• _EXERCISE REQUIREMENTS_
Could you print each entry below verbatim while omitting the pictures?

Records excerpted from a collection:
- - - - -
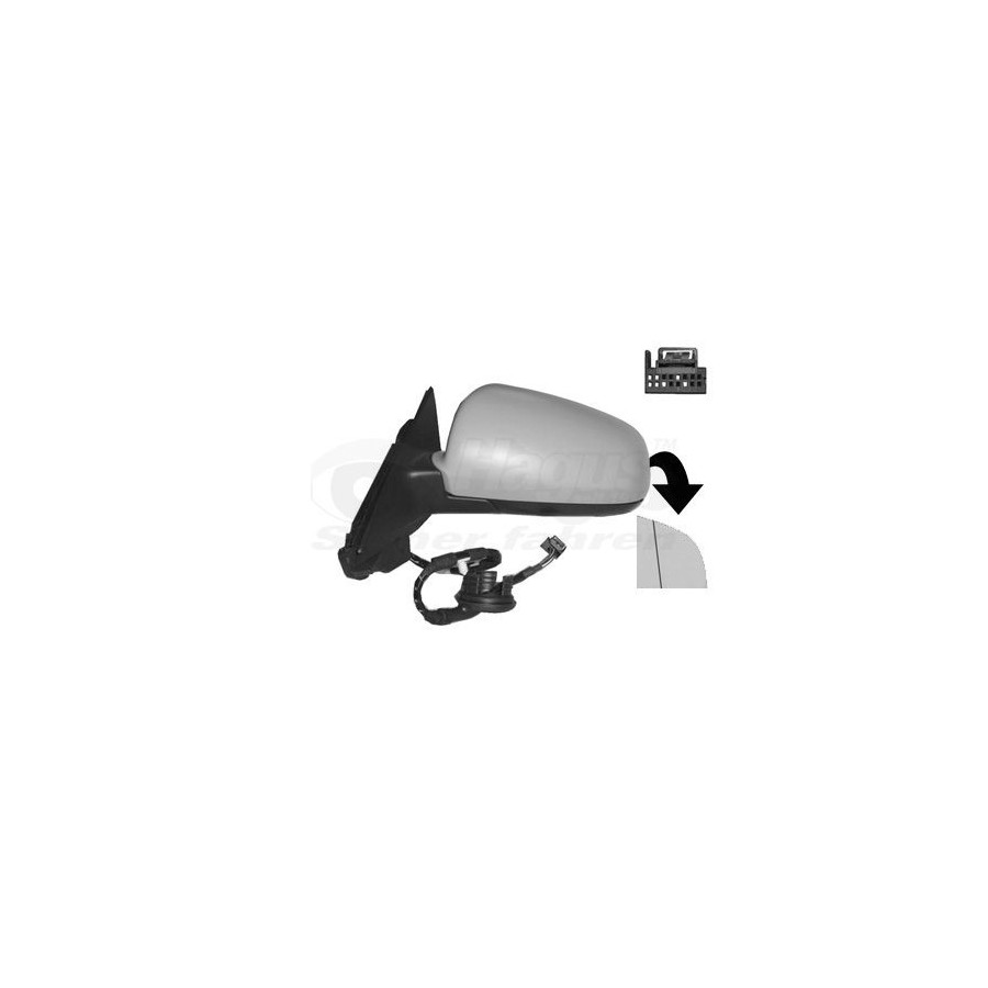 Fitting Position Left (passenger side) Surface Primed Outer/Inner Mirror Spherical Electronically foldable Heatable Complete Mirror For electric mirror adjustment Paired article numbers 0333820 Number of connectors 1 Number of Doors 5 Quality Hagus Number of used contacts 7 Warranty 3 years Number of contacts 16 Similar products of other manufacturers
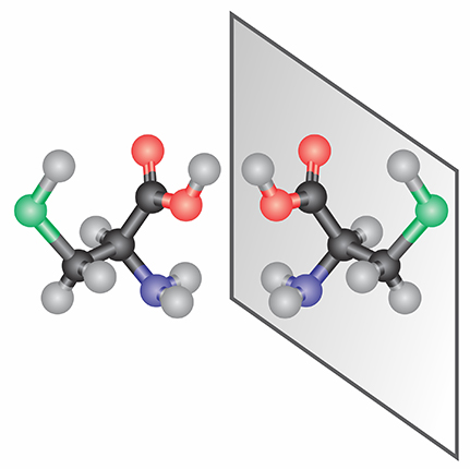 The amino acid cysteine, like most other biomolecules, is structurally distinct from its mirror image. The molecular form on the left is the one found in living things.
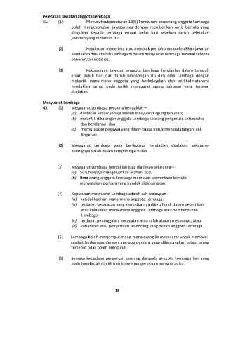 41. (1) Menurut subperaturan 18(6) Peraturan, seseorang anggota Lembaga
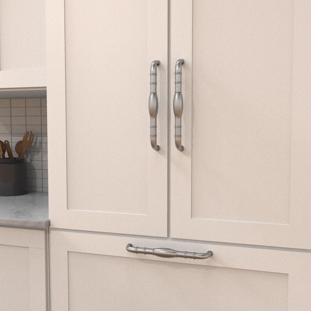 Product Description DESIGNED IN THE USA SINCE 1893: has been in business for 130 years and is a division of Belwith Products, an industry-leading brand in decorative and functional products. The company's in-house designers and craftsmen are dedicated to providing complete home solutions, making a reliable and trusted brand for all your hardware needs. OUR PULLS AND KNOBS ARE SOLID METAL: Our exceptional collections of solid core kitchen cabinet pulls and knobs are setting a new standard in quality and design. Crafted with a solid metal core, these pulls and knobs stand far above the hollow knockoffs flooding the market. Embrace the difference as you feel the weight and sturdiness in your hands, experiencing the unmistakable mark of true high-end hardware. Built to last, our hardware exudes unparalleled durability, ensuring it withstands the test of time and daily use. Elevate your space with our superior, solid core cabinet pulls - the epitome of elegance, strength, and unmatched craftsmanship. TRADITIONAL AND CLASSIC CABINET PULLS & KNOBS: Whether you prefer modern and bold or a more traditional and classic look, our 50+ collections come in a variety of shapes and styles in a multitude of sizes & finishes. These pulls & knobs are a popular option that adds a timeless charm to your Drawers & Drawers. CUSTOMIZABLE HARDWARE OPTIONS: With dozens of collections to choose from, you can mix & match different hardware styles to create a unique look that suits your personal taste & home décor. With a variety of sizes & finishes, you can easily customize your Doors and Drawers to your liking. From the Manufacturer Designed to add style to your kitchen cabinets and doors. Big pulls that go on big doors. Add a more modern look with this large pull. HIGH-QUALITY, SOLID METAL CORE: Crafted with a solid metal core, our cabinet pulls and knobs stand far above the hollow knockoffs flooding the market. Embrace the difference as you feel the weight and sturdiness in your hands, experiencing the unmistakable mark of true high-end hardware. Built to last, these pulls exude unparalleled durability, ensuring they withstand the test of time and daily use. Elevate your space with our superior, solid core pulls and knobs- the epitome of elegance, strength, and unmatched craftsmanship. DESIGNED IN THE USA SINCE 1893: Our designers reside in our corporate office in Grand Rapids, Michigan. Over the years they have sketched, molded and created over 50 unique collections. At we offer a range of high-quality and stylish options to choose from. Mix and match pulls, cup pulls, and knobs to create a stunning and cohesive look in your kitchen, bathroom and furniture. JEWELRY FOR YOUR KITCHEN CABINET DRAWERS: Surprise your Drawers with some new "Kitchen Cabinet Jewelry." Our knobs and cabinet handle pulls are an easy choice for upgrading your kitchen's aesthetic appeal (and making your friends jealous!). With simple yet elegant silhouettes, our variety of collections of pulls and knobs complement any decor style and add a touch of sophistication to every space. Their durable construction and easy installation make them a hassle-free choice for homeowners and interior designers. CABINET HANDLE QUALITY YOU CAN TRUST: cabinet pulls and knobs are a trusted choice for those looking for top-notch hardware for homes, kitchens, bathrooms, and furniture. With over a century of experience, our team of designers, craftsmen, and engineers creates unique and lasting products that span classic to contemporary styles. Add beauty and functionality to your space with our timeless and versatile cabinet hardware. ERGONOMICALLY DESIGNED HANDLES & KNOBS: In addition to providing a stylish and functional upgrade to your space, our cabinet pulls and knobs are designed to be ergonomic and easy to the touch. Designed for both style and effortless use, our cabinet pulls come with all the necessary mounting hardware for quick installation. Black Nickel Vibe Finish Mounting Hardware Included Williamsburg Collection
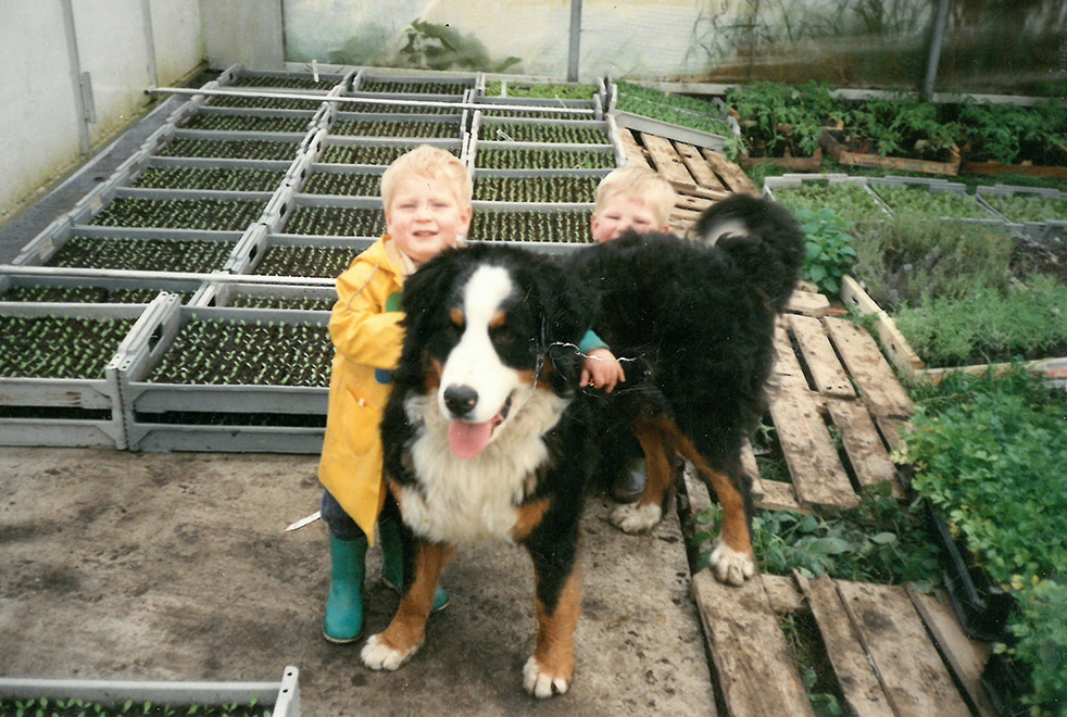 (Bild - aus dem Achleitner-Archiv: Die Achleitner Jungs Andreas und Johannes mit dem damaligen Haus- und Hofhund Bulli)
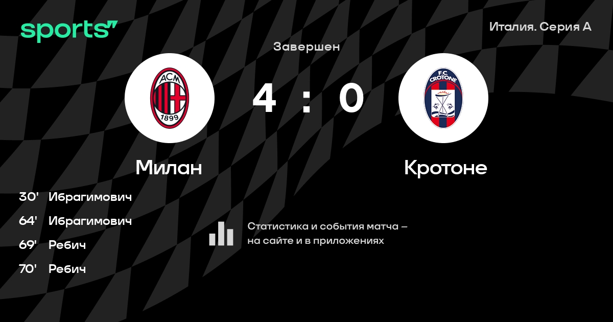 Чемпионат Италии. «Милан» разгромил «Кротоне», «Лацио» был сильнее «Кальяри»
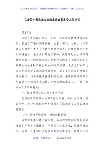 / 在全区水利设施安全隐患排查紧急会上的讲话
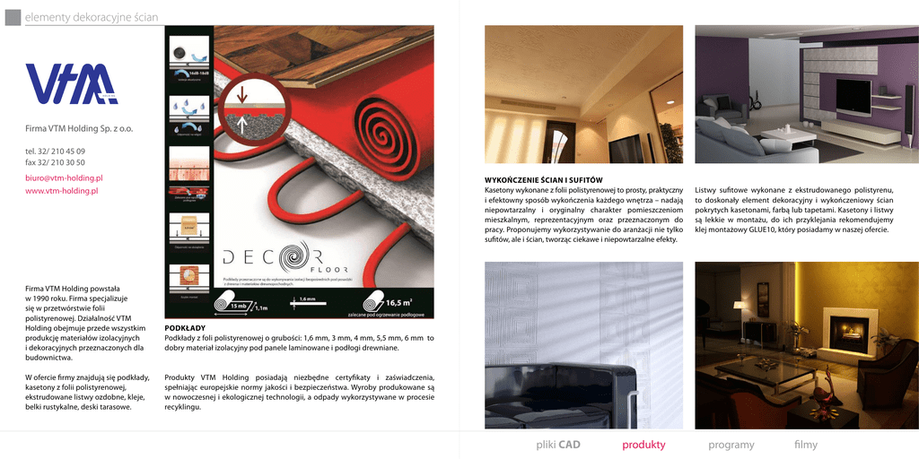 elementy dekoracyjne ścian Firma VTM Holding Sp. z o.o. tel. 32/ 210 45 09 fax 32/ 210 30 50 [email protected] www.vtm-holding.pl Firma VTM Holding powstała w 1990 roku. Firma specjalizuje się w przetwórstwie folii polistyrenowej. Działalność VTM Holding obejmuje przede wszystkim produkcję materiałów izolacyjnych i dekoracyjnych przeznaczonych dla budownictwa. W ofercie firmy znajdują się podkłady, kasetony z folii polistyrenowej, ekstrudowane listwy ozdobne, kleje, belki rustykalne, deski tarasowe. Wykończenie ścian i sufitów Kasetony wykonane z folii polistyrenowej to prosty, praktyczny i efektowny sposób wykończenia każdego wnętrza – nadają niepowtarzalny i oryginalny charakter pomieszczeniom mieszkalnym, reprezentacyjnym oraz przeznaczonym do pracy. Proponujemy wykorzystywanie do aranżacji nie tylko sufitów, ale i ścian, tworząc ciekawe i niepowtarzalne efekty. Listwy sufitowe wykonane z ekstrudowanego polistyrenu, to doskonały element dekoracyjny i wykończeniowy ścian pokrytych kasetonami, farbą lub tapetami. Kasetony i listwy są lekkie w montażu, do ich przyklejania rekomendujemy klej montażowy GLUE10, który posiadamy w naszej ofercie. Podkłady Podkłady z foli polistyrenowej o grubości: 1,6 mm, 3 mm, 4 mm, 5,5 mm, 6 mm to dobry materiał izolacyjny pod panele laminowane i podłogi drewniane. Produkty VTM Holding posiadają niezbędne certyfikaty i zaświadczenia, spełniając europejskie normy jakości i bezpieczeństwa. Wyroby produkowane są w nowoczesnej i ekologicznej technologii, a odpady wykorzystywane w procesie recyklingu. pliki CAD produkty programy filmy
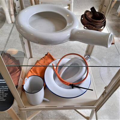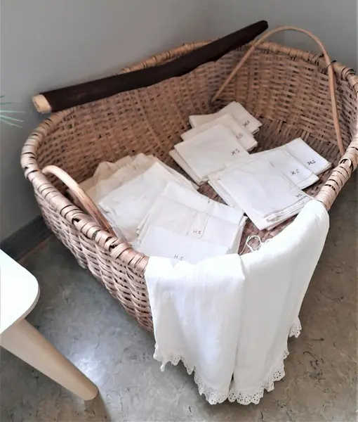 Bærekurv med pasienttøy og sengetøy fra Hurdal gamle og sykehjem - 2/4
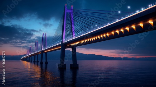 © Martinah, Fototapeta premium Illuminated cable-stayed bridge stretching across water during twilight hour
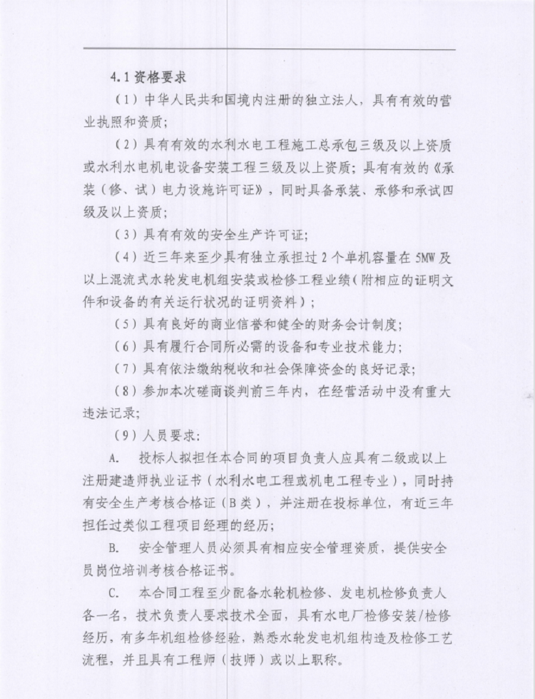 雅安城利水電公司2022年度水輪發(fā)電機(jī)組檢修工程談判磋商公告
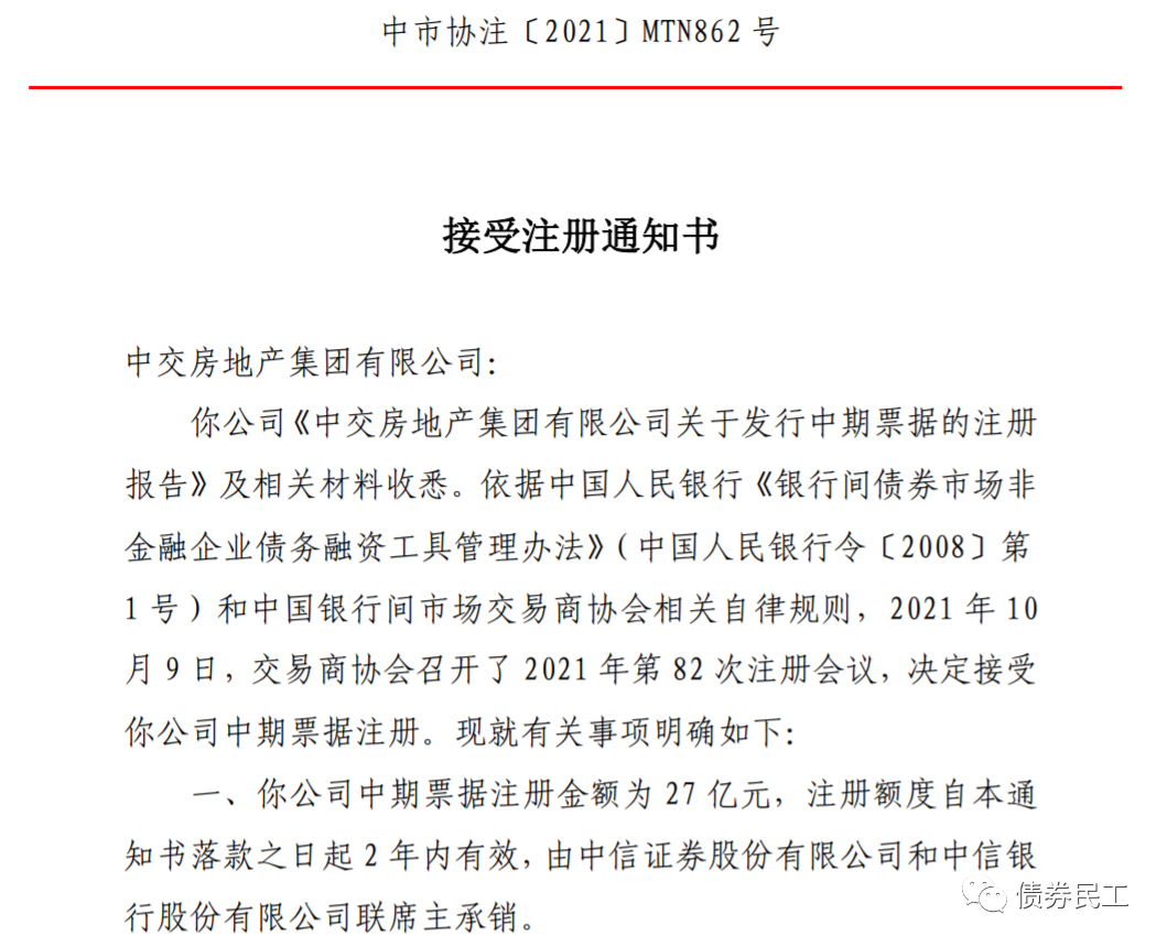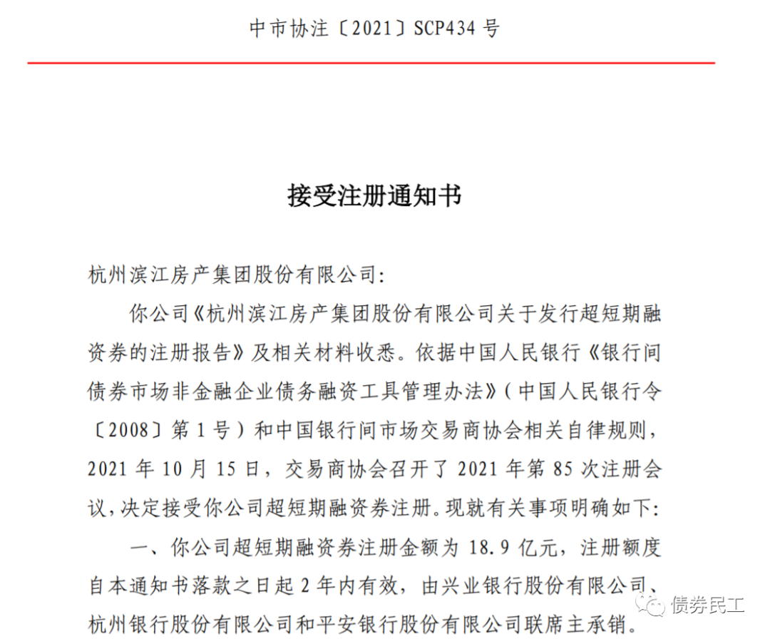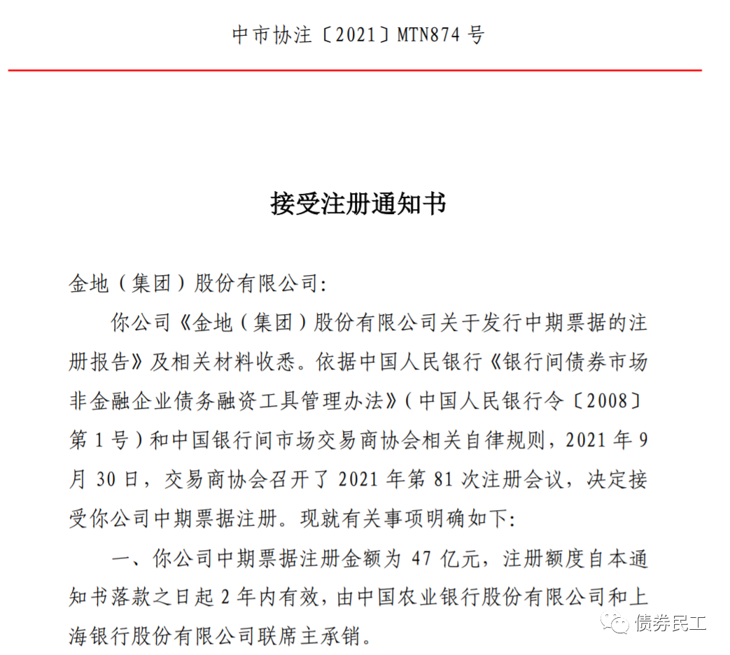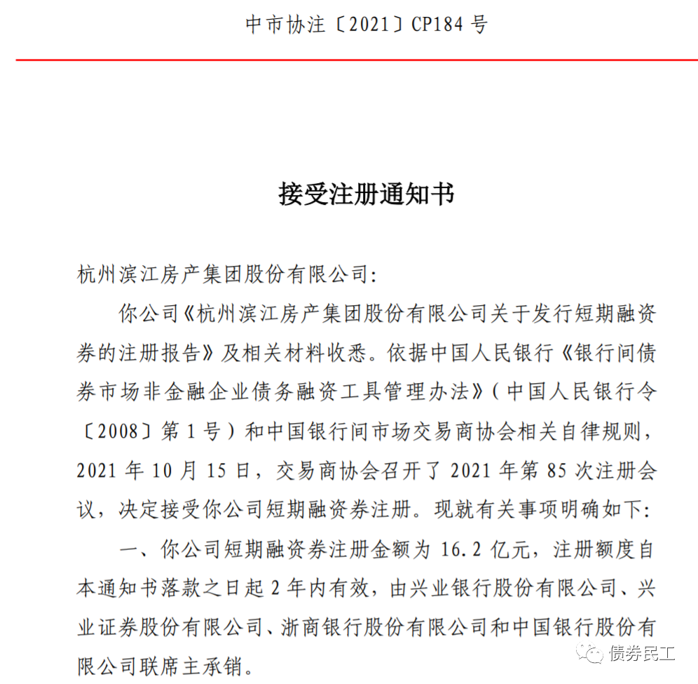 根據中國銀行間市場交易商協會網站的公開信息,交易商協會于2021年11月24日接受金地(集團)股份有限公司、中交房地產集團有限公司和杭州濱江房產集團股份有限公司三家房地產公司總金額合計為135.60億元債務融資工具產品的注冊,具體債務融資工具產品注冊情況如下:
- - - - -
• _EXPECTED ANSWER_
 Fitting Position Left (passenger side) Surface Primed Outer/Inner Mirror Spherical Electronically foldable Heatable Complete Mirror For electric mirror adjustment Paired article numbers 0333820 Number of connectors 1 Number of Doors 5 Quality Hagus Number of used contacts 7 Warranty 3 years Number of contacts 16 Similar products of other manufacturers
 The amino acid cysteine, like most other biomolecules, is structurally distinct from its mirror image. The molecular form on the left is the one found in living things.
 41. (1) Menurut subperaturan 18(6) Peraturan, seseorang anggota Lembaga
 Product Description DESIGNED IN THE USA SINCE 1893: has been in business for 130 years and is a division of Belwith Products, an industry-leading brand in decorative and functional products. The company's in-house designers and craftsmen are dedicated to providing complete home solutions, making a reliable and trusted brand for all your hardware needs. OUR PULLS AND KNOBS ARE SOLID METAL: Our exceptional collections of solid core kitchen cabinet pulls and knobs are setting a new standard in quality and design. Crafted with a solid metal core, these pulls and knobs stand far above the hollow knockoffs flooding the market. Embrace the difference as you feel the weight and sturdiness in your hands, experiencing the unmistakable mark of true high-end hardware. Built to last, our hardware exudes unparalleled durability, ensuring it withstands the test of time and daily use. Elevate your space with our superior, solid core cabinet pulls - the epitome of elegance, strength, and unmatched craftsmanship. TRADITIONAL AND CLASSIC CABINET PULLS & KNOBS: Whether you prefer modern and bold or a more traditional and classic look, our 50+ collections come in a variety of shapes and styles in a multitude of sizes & finishes. These pulls & knobs are a popular option that adds a timeless charm to your Drawers & Drawers. CUSTOMIZABLE HARDWARE OPTIONS: With dozens of collections to choose from, you can mix & match different hardware styles to create a unique look that suits your personal taste & home décor. With a variety of sizes & finishes, you can easily customize your Doors and Drawers to your liking. From the Manufacturer Designed to add style to your kitchen cabinets and doors. Big pulls that go on big doors. Add a more modern look with this large pull. HIGH-QUALITY, SOLID METAL CORE: Crafted with a solid metal core, our cabinet pulls and knobs stand far above the hollow knockoffs flooding the market. Embrace the difference as you feel the weight and sturdiness in your hands, experiencing the unmistakable mark of true high-end hardware. Built to last, these pulls exude unparalleled durability, ensuring they withstand the test of time and daily use. Elevate your space with our superior, solid core pulls and knobs- the epitome of elegance, strength, and unmatched craftsmanship. DESIGNED IN THE USA SINCE 1893: Our designers reside in our corporate office in Grand Rapids, Michigan. Over the years they have sketched, molded and created over 50 unique collections. At we offer a range of high-quality and stylish options to choose from. Mix and match pulls, cup pulls, and knobs to create a stunning and cohesive look in your kitchen, bathroom and furniture. JEWELRY FOR YOUR KITCHEN CABINET DRAWERS: Surprise your Drawers with some new "Kitchen Cabinet Jewelry." Our knobs and cabinet handle pulls are an easy choice for upgrading your kitchen's aesthetic appeal (and making your friends jealous!). With simple yet elegant silhouettes, our variety of collections of pulls and knobs complement any decor style and add a touch of sophistication to every space. Their durable construction and easy installation make them a hassle-free choice for homeowners and interior designers. CABINET HANDLE QUALITY YOU CAN TRUST: cabinet pulls and knobs are a trusted choice for those looking for top-notch hardware for homes, kitchens, bathrooms, and furniture. With over a century of experience, our team of designers, craftsmen, and engineers creates unique and lasting products that span classic to contemporary styles. Add beauty and functionality to your space with our timeless and versatile cabinet hardware. ERGONOMICALLY DESIGNED HANDLES & KNOBS: In addition to providing a stylish and functional upgrade to your space, our cabinet pulls and knobs are designed to be ergonomic and easy to the touch. Designed for both style and effortless use, our cabinet pulls come with all the necessary mounting hardware for quick installation. Black Nickel Vibe Finish Mounting Hardware Included Williamsburg Collection
 (Bild - aus dem Achleitner-Archiv: Die Achleitner Jungs Andreas und Johannes mit dem damaligen Haus- und Hofhund Bulli)
 Чемпионат Италии. «Милан» разгромил «Кротоне», «Лацио» был сильнее «Кальяри»
 / 在全区水利设施安全隐患排查紧急会上的讲话
 elementy dekoracyjne ścian Firma VTM Holding Sp. z o.o. tel. 32/ 210 45 09 fax 32/ 210 30 50 [email protected] www.vtm-holding.pl Firma VTM Holding powstała w 1990 roku. Firma specjalizuje się w przetwórstwie folii polistyrenowej. Działalność VTM Holding obejmuje przede wszystkim produkcję materiałów izolacyjnych i dekoracyjnych przeznaczonych dla budownictwa. W ofercie firmy znajdują się podkłady, kasetony z folii polistyrenowej, ekstrudowane listwy ozdobne, kleje, belki rustykalne, deski tarasowe. Wykończenie ścian i sufitów Kasetony wykonane z folii polistyrenowej to prosty, praktyczny i efektowny sposób wykończenia każdego wnętrza – nadają niepowtarzalny i oryginalny charakter pomieszczeniom mieszkalnym, reprezentacyjnym oraz przeznaczonym do pracy. Proponujemy wykorzystywanie do aranżacji nie tylko sufitów, ale i ścian, tworząc ciekawe i niepowtarzalne efekty. Listwy sufitowe wykonane z ekstrudowanego polistyrenu, to doskonały element dekoracyjny i wykończeniowy ścian pokrytych kasetonami, farbą lub tapetami. Kasetony i listwy są lekkie w montażu, do ich przyklejania rekomendujemy klej montażowy GLUE10, który posiadamy w naszej ofercie. Podkłady Podkłady z foli polistyrenowej o grubości: 1,6 mm, 3 mm, 4 mm, 5,5 mm, 6 mm to dobry materiał izolacyjny pod panele laminowane i podłogi drewniane. Produkty VTM Holding posiadają niezbędne certyfikaty i zaświadczenia, spełniając europejskie normy jakości i bezpieczeństwa. Wyroby produkowane są w nowoczesnej i ekologicznej technologii, a odpady wykorzystywane w procesie recyklingu. pliki CAD produkty programy filmy
 Bærekurv med pasienttøy og sengetøy fra Hurdal gamle og sykehjem - 2/4
 © Martinah, Fototapeta premium Illuminated cable-stayed bridge stretching across water during twilight hour
 雅安城利水電公司2022年度水輪發(fā)電機(jī)組檢修工程談判磋商公告
 根據中國銀行間市場交易商協會網站的公開信息,交易商協會于2021年11月24日接受金地(集團)股份有限公司、中交房地產集團有限公司和杭州濱江房產集團股份有限公司三家房地產公司總金額合計為135.60億元債務融資工具產品的注冊,具體債務融資工具產品注冊情況如下:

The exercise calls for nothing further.